Data in Brief (Aug 2024)
Bengali & Banglish: A monolingual dataset for emotion detection in linguistically diverse contexts
Abstract
The ever-evolving global landscape of communication, driven by Information Technology advancements, underscores the importance of emotion detection in natural language processing. However, challenges persist in interpreting emotions within linguistically diverse contexts, notably in low-resource languages like Bengali, compounded by the emergence of Banglish. To address this gap, we present “Bengali & Banglish,” an extensive dataset comprising 80,098 labelled samples across six emotion classes.

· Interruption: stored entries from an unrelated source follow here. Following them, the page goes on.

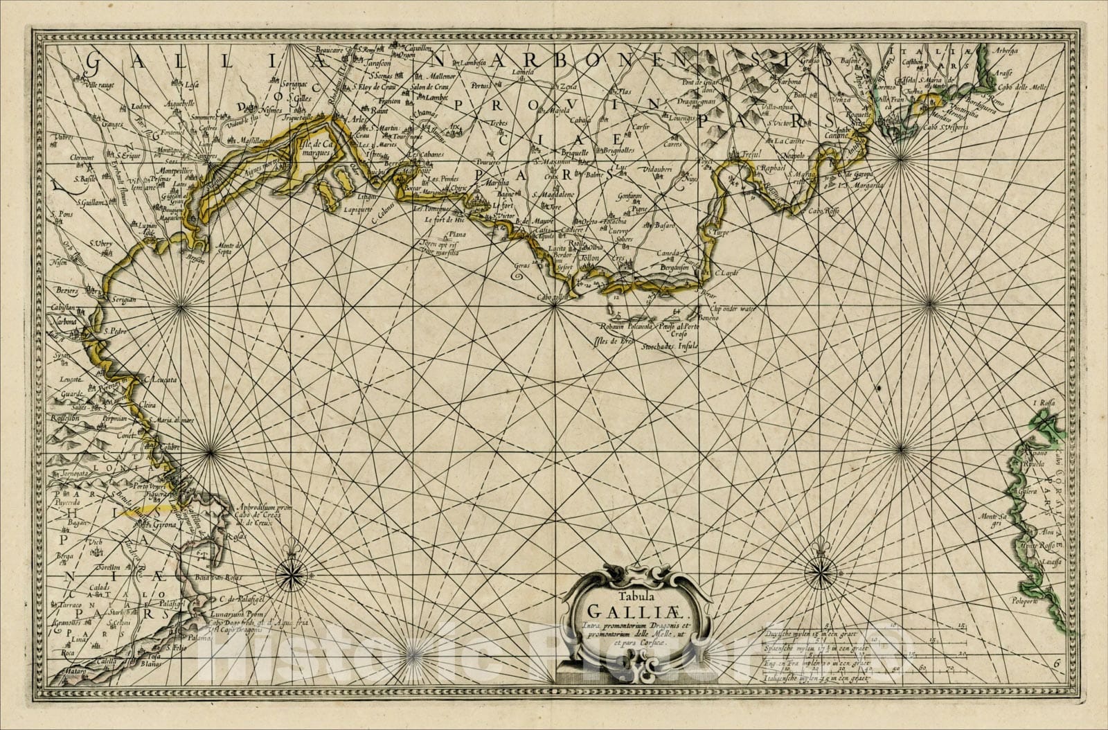 Tabula Galliae, Intra promontorium Dragonis et promontorium dell Mell ut et pars Corsicae., 1654,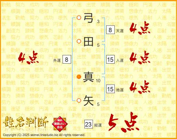 生活面を象徴する運勢です。外部から受ける影響力を表し、結婚運、家庭運や職場、環境への順応性を表します。総運から人運を引いた画数。姓や名が1文字の場合を除く。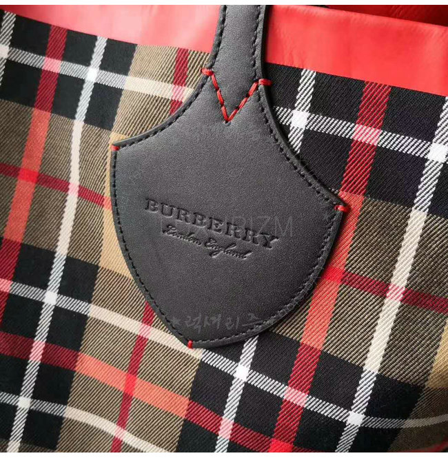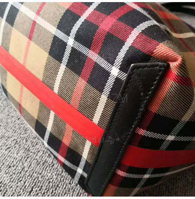 BURBERRY-40700561 버버리 미디엄 자이언트 타탄 코튼 캐러멜 플랙스 옐로 리버시블 토트

Our dataset fills a void in fine-grained emotion classification for Bengali and pioneers in emotion detection in Banglish. We achieve significant performance metrics through meticulous annotation and rigorous evaluation, including a weighted F1 score of 71.30% for Bengali and 64.59% for Banglish using BanglaBERT. Also, our dataset facilitates Bengali-to-Banglish Machine Translation, contributing to the advancement of language processing models. Furthermore, our dataset demonstrates a high Cohen's Kappa score of 93.5%, affirming the reliability and consistency of our annotations. This research underscores the importance of linguistic diversity in NLP and provides a valuable resource for enhancing Emotion Detection capabilities in Bengali and Banglish across digital platforms.